[[ DATASET CONTENT open ]]
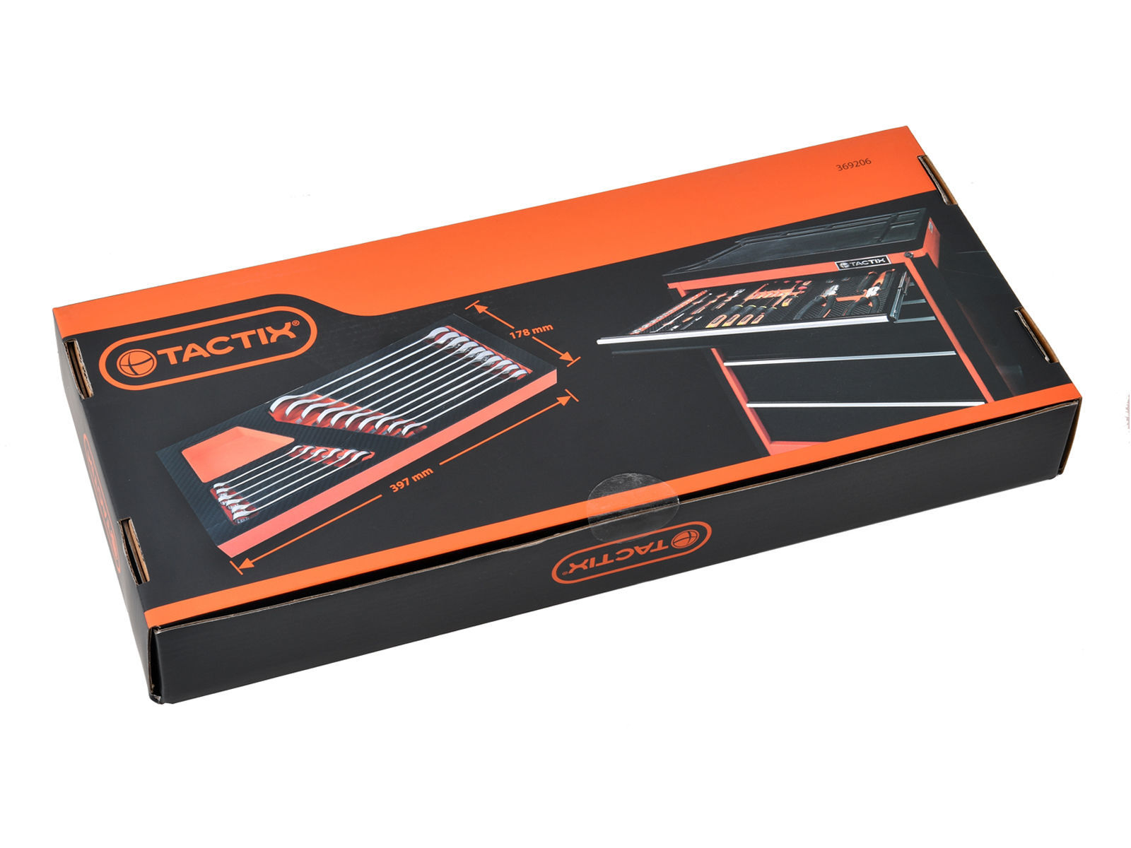 Verktøysett som gir deg enkel og ryddig organisering av dine verktøy. Med det to-fargede skuminnlegget ser du umiddelbart hvor verktøyet skal plasseres og om det er verktøy som mangler. Passer til Tactix skap.
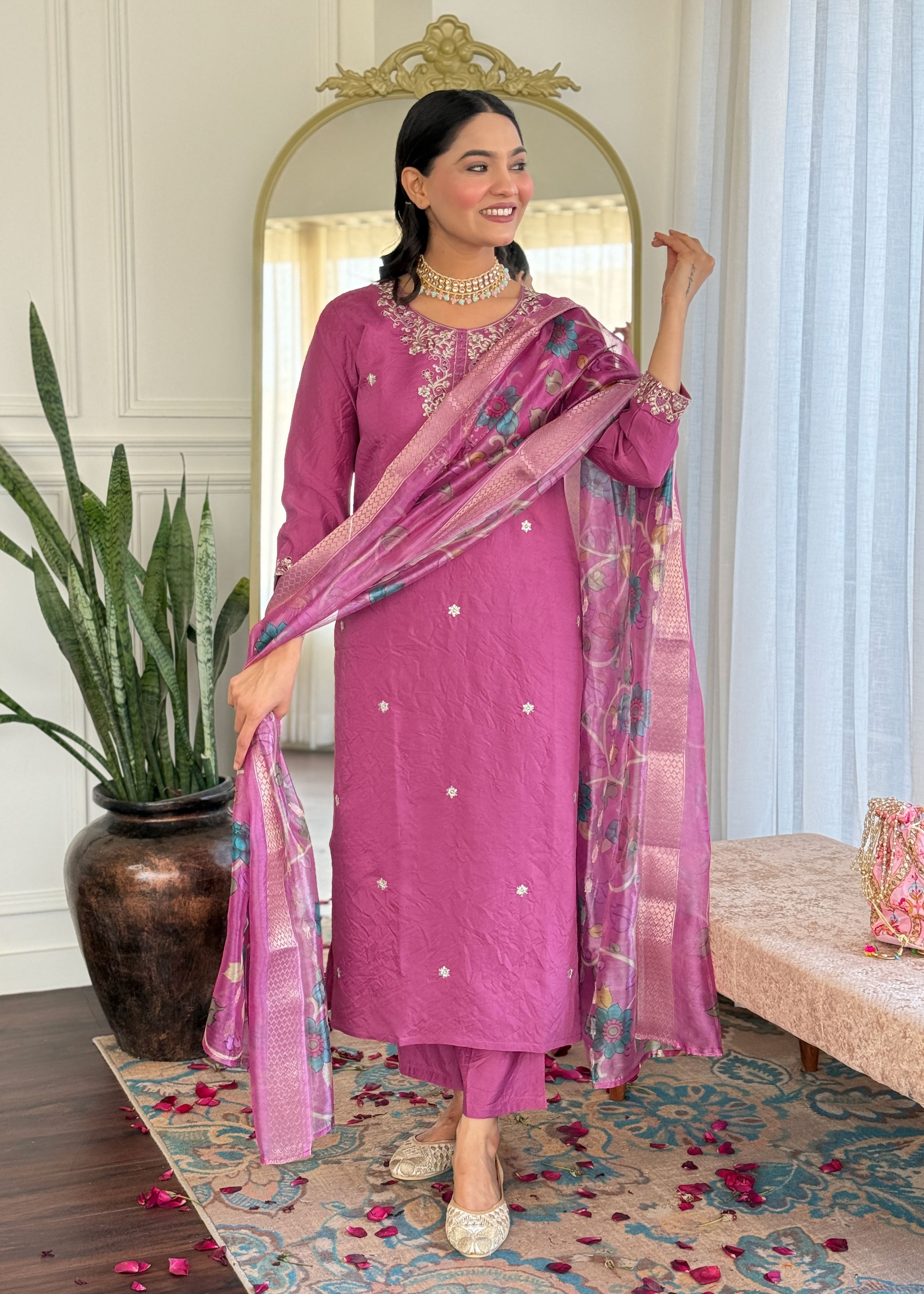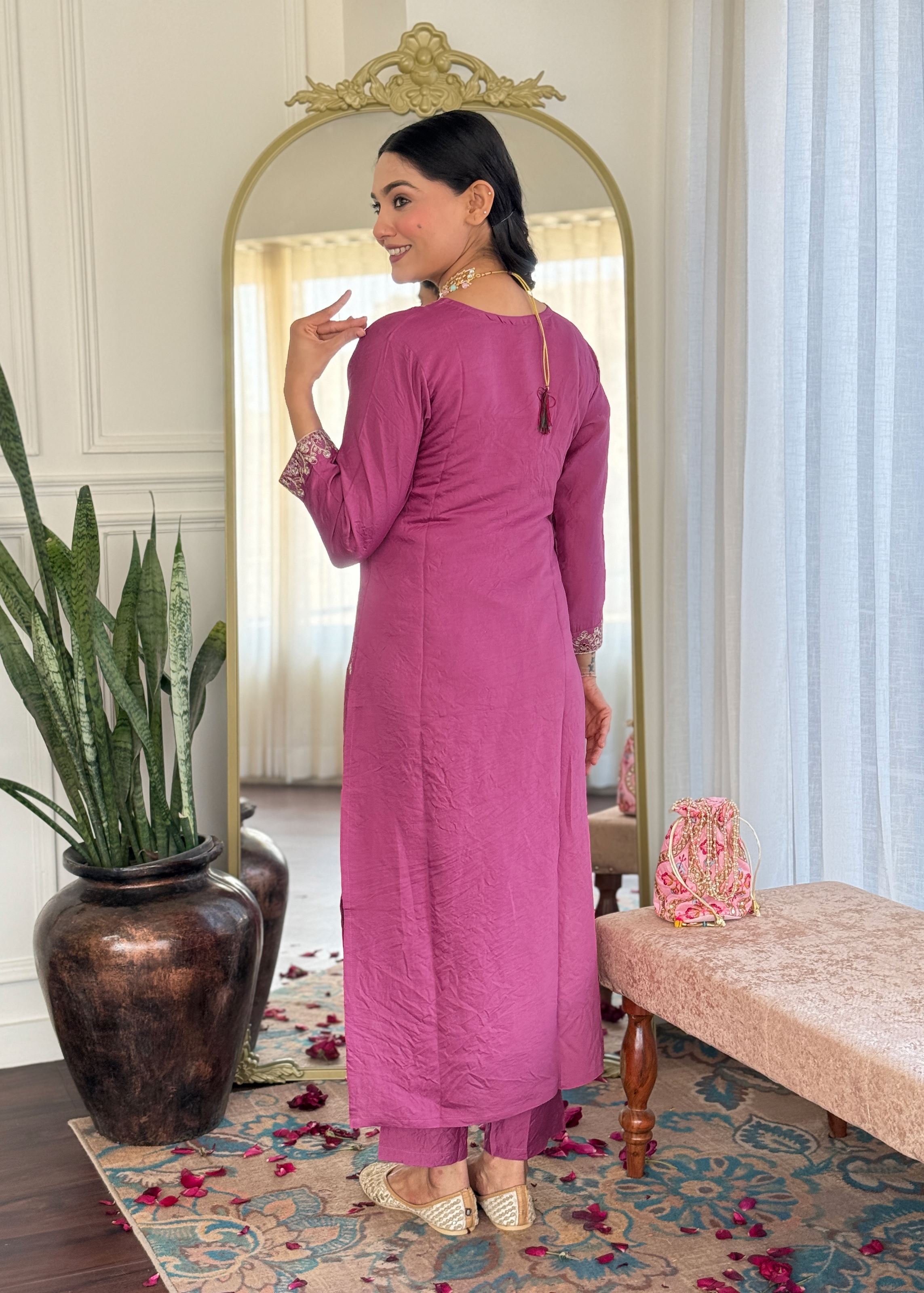 Magenta Viscose Chanderi Kurta Pant With Embroidery Work And Printed Dupatta
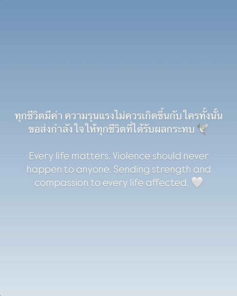 ทุกชีวิตมีค่า ความรุนแรงไม่ควรเกิดขึ้นกับใครทั้งนั้นขอส่งกำลังใจให้ทุกชีวิตที่ได้รับผลกระทบ Every life matters. Violence should never happen to anyone. Sending strength and compassion to every life affected. ซึ่งหลังจากที่ได้โพสต์ออกไป ชาวเน็ตกัมพูชาต่างเข้ามาคอมเมนต์กันอย่างมากมาย
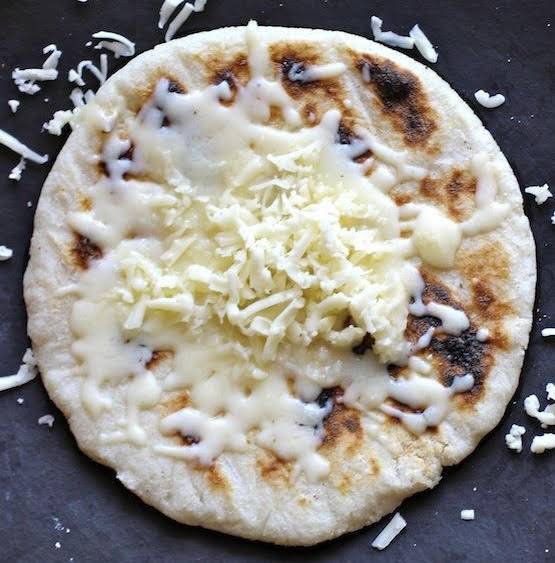 Deliciosa arepa de maiz, con queso encima hecha en casa.
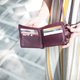 - 正面口袋分为两格,以皮革覆盖,方便收纳常用物品。可轻松放入折叠的纸钞、卡片和零钱。
[[ DATASET CONTENT closed ]]
■ PROBLEM STATEMENT
Nothing but the lines from the one with "Deliciosa arepa de" through the end of the entries above, both included, should be set down, exactly and without pictures.

■ SOLUTION TO THIS PROBLEM
 Deliciosa arepa de maiz, con queso encima hecha en casa.
 - 正面口袋分为两格,以皮革覆盖,方便收纳常用物品。可轻松放入折叠的纸钞、卡片和零钱。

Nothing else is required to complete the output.